THE PROBLEM
Every line of the material is to be returned verbatim. Pictures stay out.

GIVEN INFORMATION
►

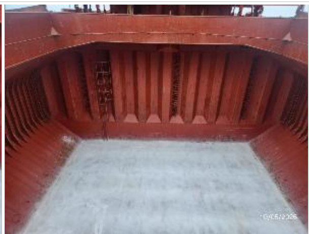
16. Popa de la bodega encalada.
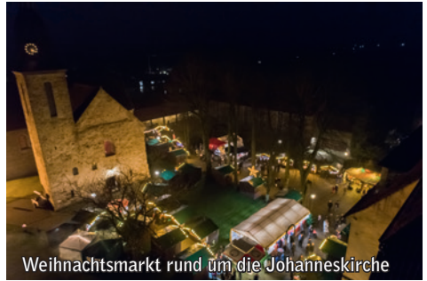
Weihnachtsmarkt rund um die Johanneskirche

An beiden Tagen können die Besucher das besinnliche Lichtermeer in der Johanneskirche bewundern, weihnachtlichen Drehorgelklängen lauschen und dem Nikolaus begegnen. Das Markttreiben bietet zahlreiche Stände mit Kunsthandwerk, kulinarischen Spezialitäten und Geschenkideen.
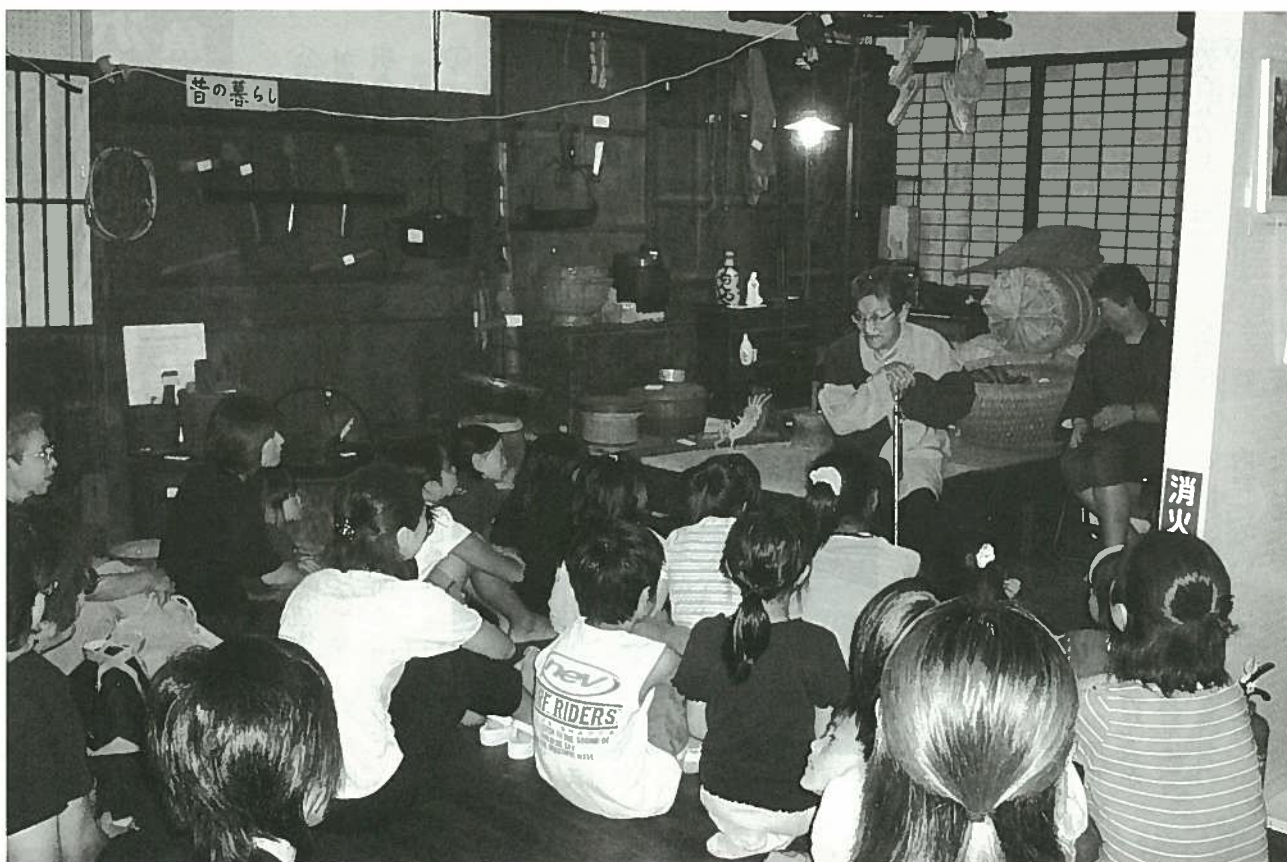
家庭教育かるかも隊 「第8回真夏の昔話の会」 加茂市

◄

SOLUTION TO THE EXERCISE
16. Popa de la bodega encalada.
Weihnachtsmarkt rund um die Johanneskirche

An beiden Tagen können die Besucher das besinnliche Lichtermeer in der Johanneskirche bewundern, weihnachtlichen Drehorgelklängen lauschen und dem Nikolaus begegnen. Das Markttreiben bietet zahlreiche Stände mit Kunsthandwerk, kulinarischen Spezialitäten und Geschenkideen.
家庭教育かるかも隊 「第8回真夏の昔話の会」 加茂市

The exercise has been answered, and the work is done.